__Exercise objective__.
In the entries below, begin at the line with "四川九洲最新报告期数据为年报" and stop after the line with "央視網(wǎng)消息:時(shí)光飛逝,澳門回歸祖國(guó)已二十載。"; output those lines exactly and omit the pictures.

__Input data__.
....
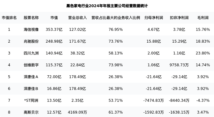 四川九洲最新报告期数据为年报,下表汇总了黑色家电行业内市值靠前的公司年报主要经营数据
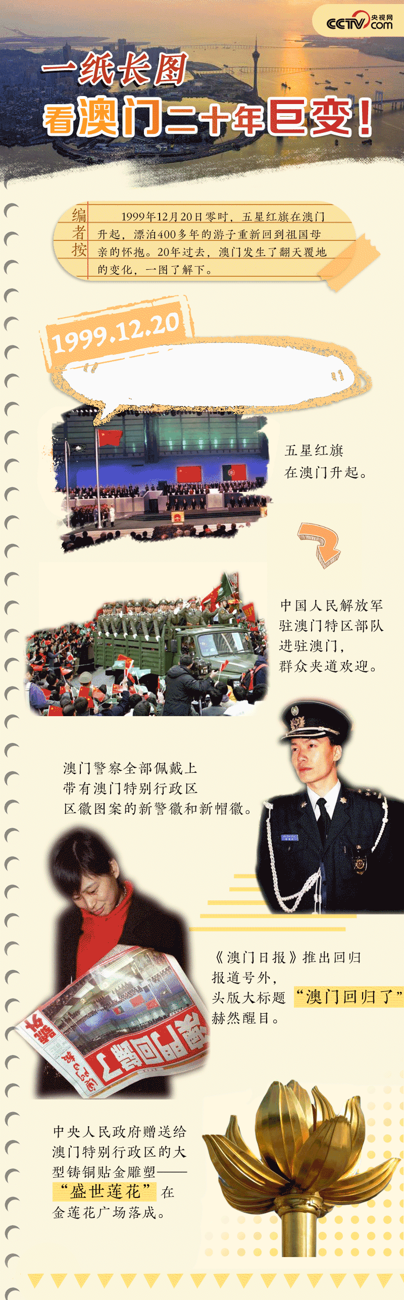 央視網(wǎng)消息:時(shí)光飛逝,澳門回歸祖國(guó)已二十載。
....
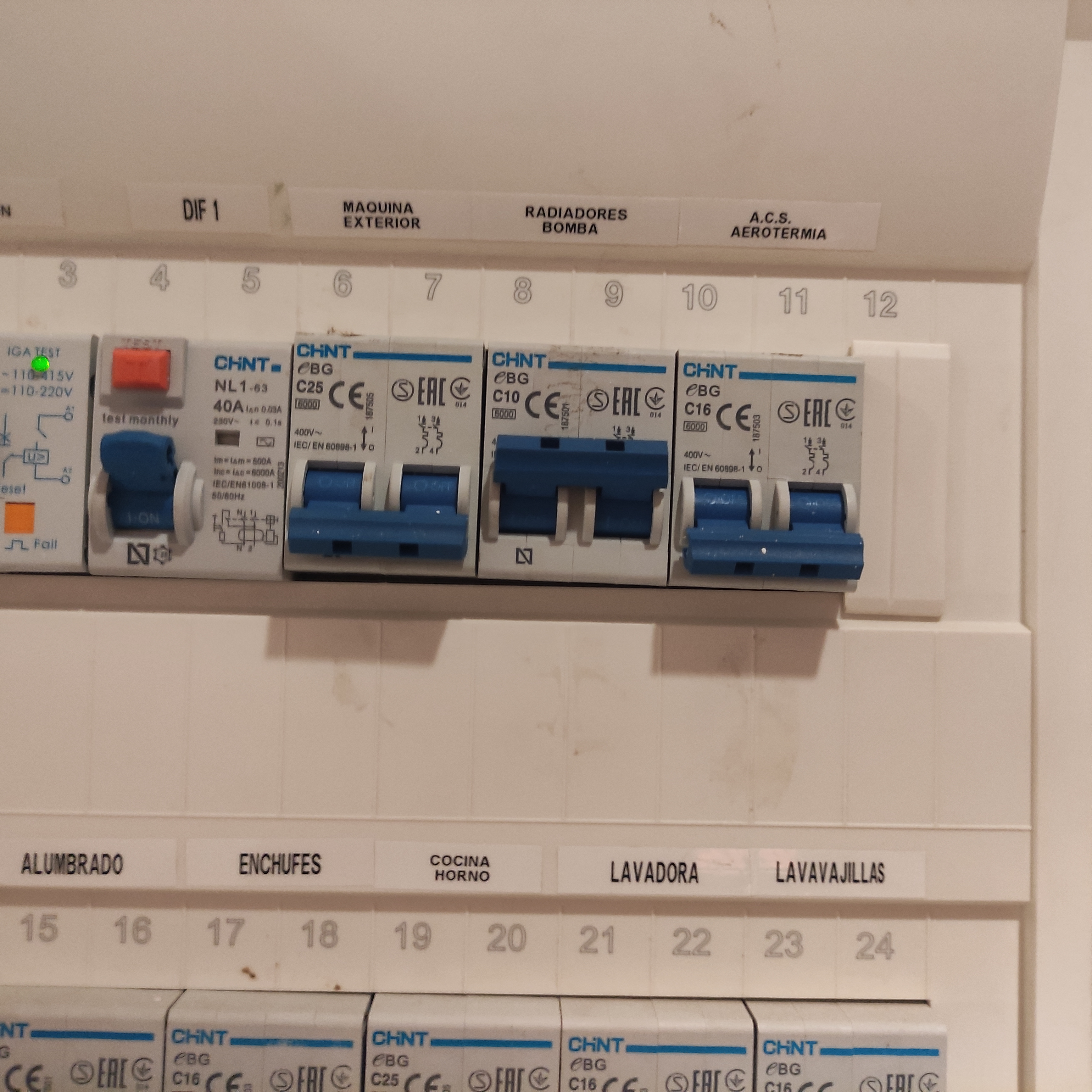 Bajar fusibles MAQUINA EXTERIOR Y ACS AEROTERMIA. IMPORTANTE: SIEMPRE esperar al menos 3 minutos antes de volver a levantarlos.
....
__Solution__.
 四川九洲最新报告期数据为年报,下表汇总了黑色家电行业内市值靠前的公司年报主要经营数据
 央視網(wǎng)消息:時(shí)光飛逝,澳門回歸祖國(guó)已二十載。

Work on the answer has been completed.